Location-based Gaming: The Next Big Payday?

With the proliferation of mobile devices that come standard with location-aware and social features, it’s not surprising that game makers would embrace new technologies to provide gamers with experiences that leverage those abilities. A number of startups are trying to stay ahead of the game in social/local/mobile gaming; here are a few of the ones who appear to be doing it best so far.

Massive Damage’s Please Stay Calm is a zombie survival story that pits players against hordes of the undead, all from the devices they carry around in their pockets. The iPhone-only title launched in October of 2011, and the team is currently hard at work on an update that will allow large groups of players to battle one another for control of real world global landmarks. The company is also working on a web-based graphic novel to leverage the IP it created for the game.

Massive Damage CEO Ken Seto said in an interview that Please Stay Calm has been doing well since its debut. “Since launch, we’ve had 650K downloads, 2.4 million unique locations [where players checked in], 16 million checkins, and 17.3 million zombies destroyed,” he said. “On an average day, our players spend 53 percent more time playing our game than the industry average and they play 68 percent more frequently than the industry average [referring to time spent playing social games on iOS].”
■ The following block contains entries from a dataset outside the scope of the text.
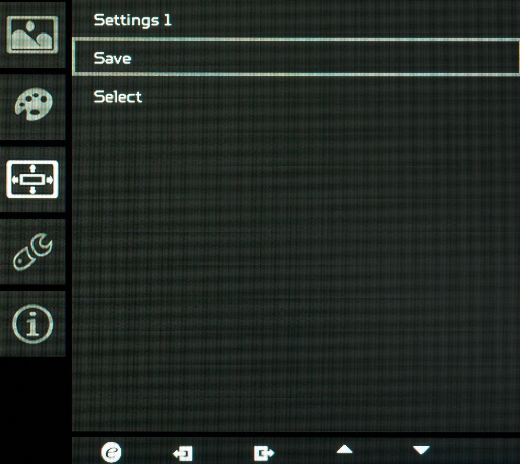 Доступ к сервисному меню был найден за счет зажатия крайней левой клавиши во время включения монитора. После появления картинки на экране клавишу необходимо нажать повторно и перед вами предстанет следующая картина: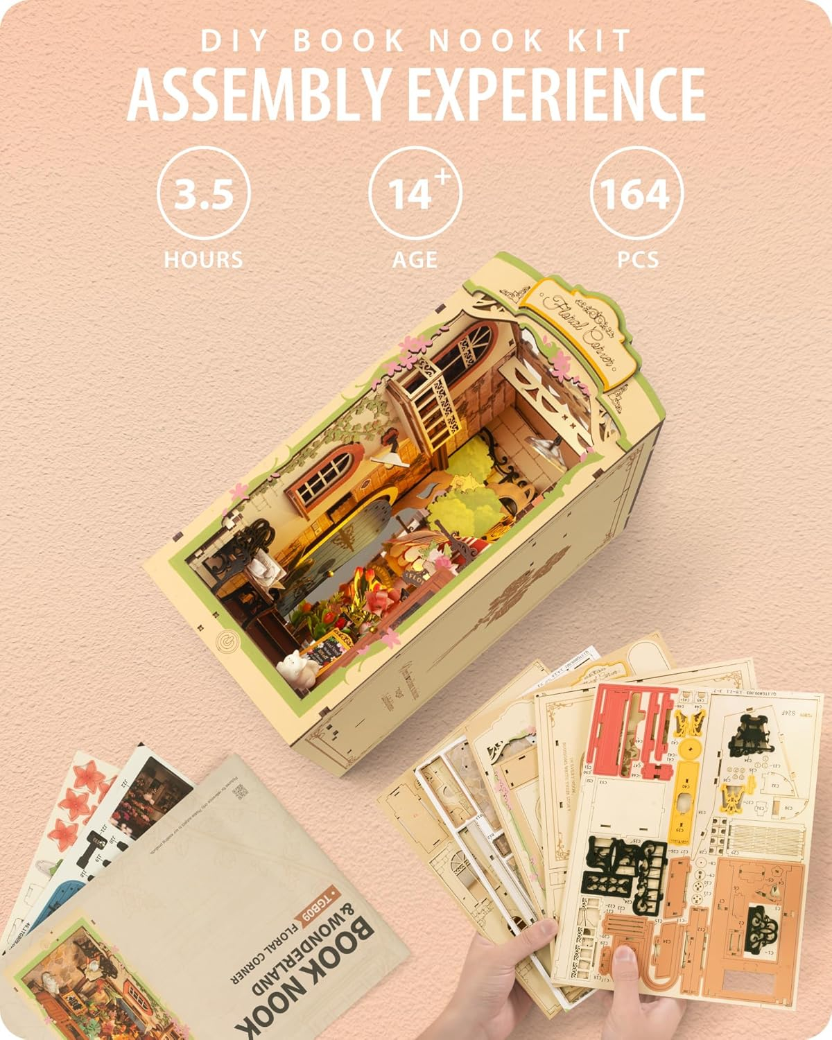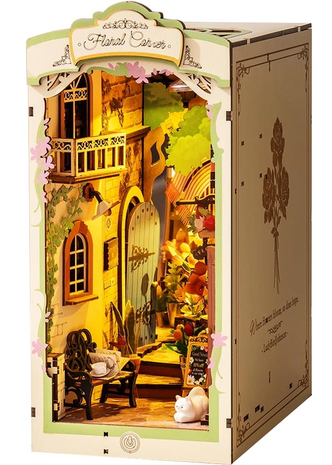 Book Nook Robotime Rolife Flower Corner стане чудовим подарунком для близьких на такі свята, як День матері, День батька, Різдво або День народження. Його можна використовувати як нічник, полицю-декор чи книжкову заставку. Легка і зрозуміла інструкція, зручна конструкція та м’яке підсвічування роблять з цього набору ідеальний варіант для релаксації після роботи.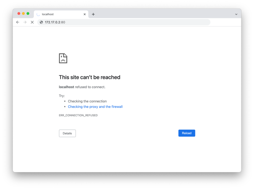 Hmm. Well, what if we look up the IP address of the container and try to access it that way?
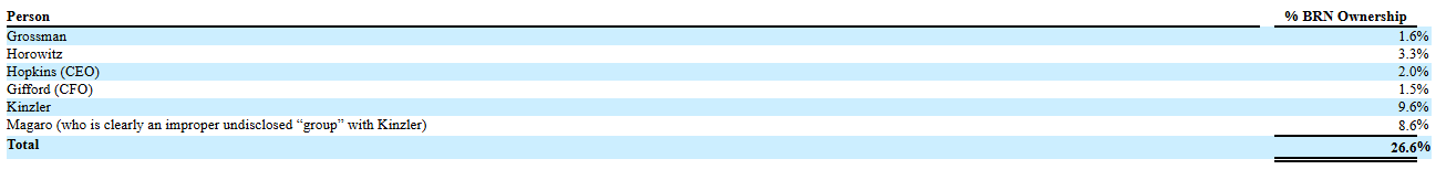 Why would any shareholder support the antics of these two lone directors or the two others they propose to elect? Grossman and Horowitz have literally pushed BRN into a going concern warning with their wasteful spending padding the pockets of Grossman’s lawyer brother at Skadden, among other law firms. They have also refused to move forward with an investigation into the Texas investment, damages that could bring the Company $10.0 - $15.0 million in recovery against Kinzler and many of the current and past directors, including Phil McPherson (the candidate chosen by Grossman and Horowitz to rejoin the Board)). Grossman and Horowitz are too busy manipulating the corporate machinery to keep their board seats rather than investigate this matter, a gross violation of their fiduciary obligations in my opinion.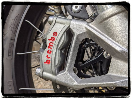 Op veel motorrem moet je evenmin rekenen, maar gelukkig werkt de achterrem zeer goed en is hij perfect doseerbaar. Ook de klauwen vooraan weten van wanten. Kan ook niet anders, want met de Brembo Stylema’s hangt er goed gerief aan je fiets.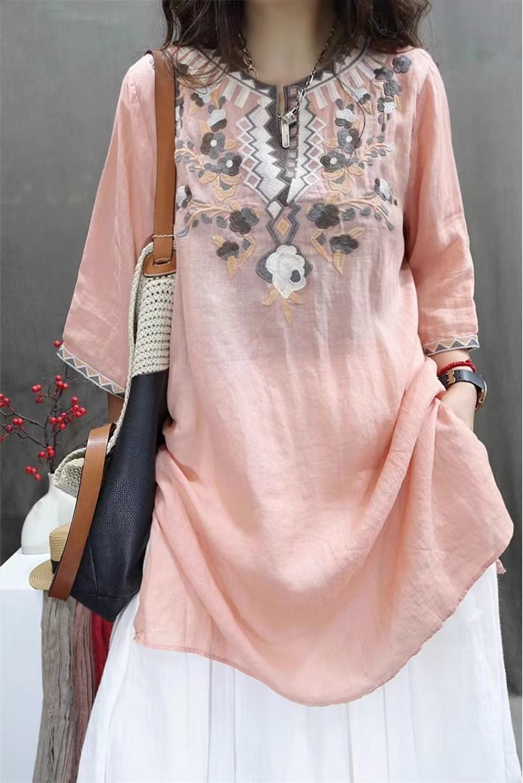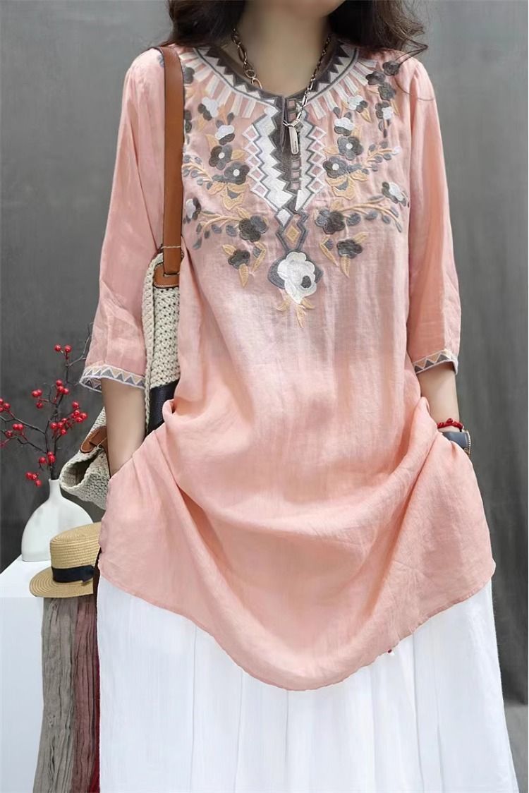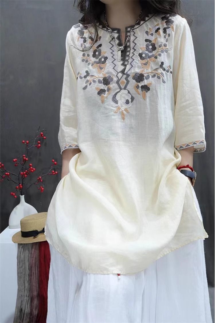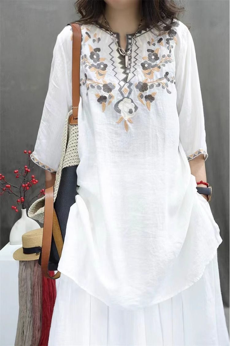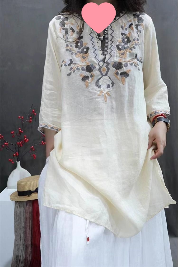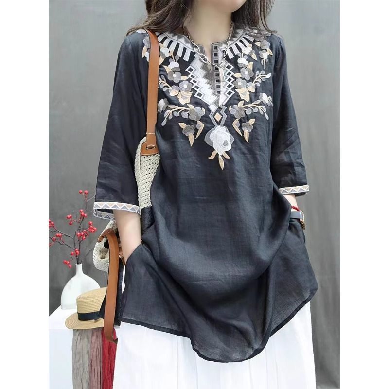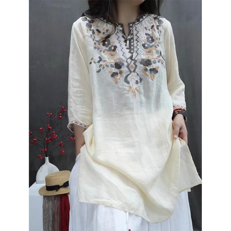 여름 중공업 여성복 복고풍 자수 중간 길이 루즈한 면 및 린넨 스타일 셔츠 캐주얼 예술적 풀오버 탑스토어 가기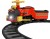 Поезд выпускает холодный пар, двигаясь по овальным 7,3-метровым путям. В набор входят 4 прямых и 4 изогнутых элемента пути.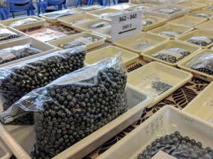会場内に入ると、オークションにかけられる黒真珠が所狭しと並んでおり、その数なんと32万! |

Seto said that despite the fact that Please Stay Calm employs both mobile and location-aware technologies, the majority of players still play mostly from stationary places. “The majority of our users play from stationary environments like their office,” he told us. “I believe this is a use case or trend that is not going to change so you have to shape the location-based gameplay around that conceit, especially if you want to expand beyond a very small niche group of people willing to travel around to play a game.” Rather than providing motivation to play on the run, Seto says location offers “an emotional link from the game world to the real world,” but also says the team tried to make sure “location did not get in the way of fun gameplay or social elements.”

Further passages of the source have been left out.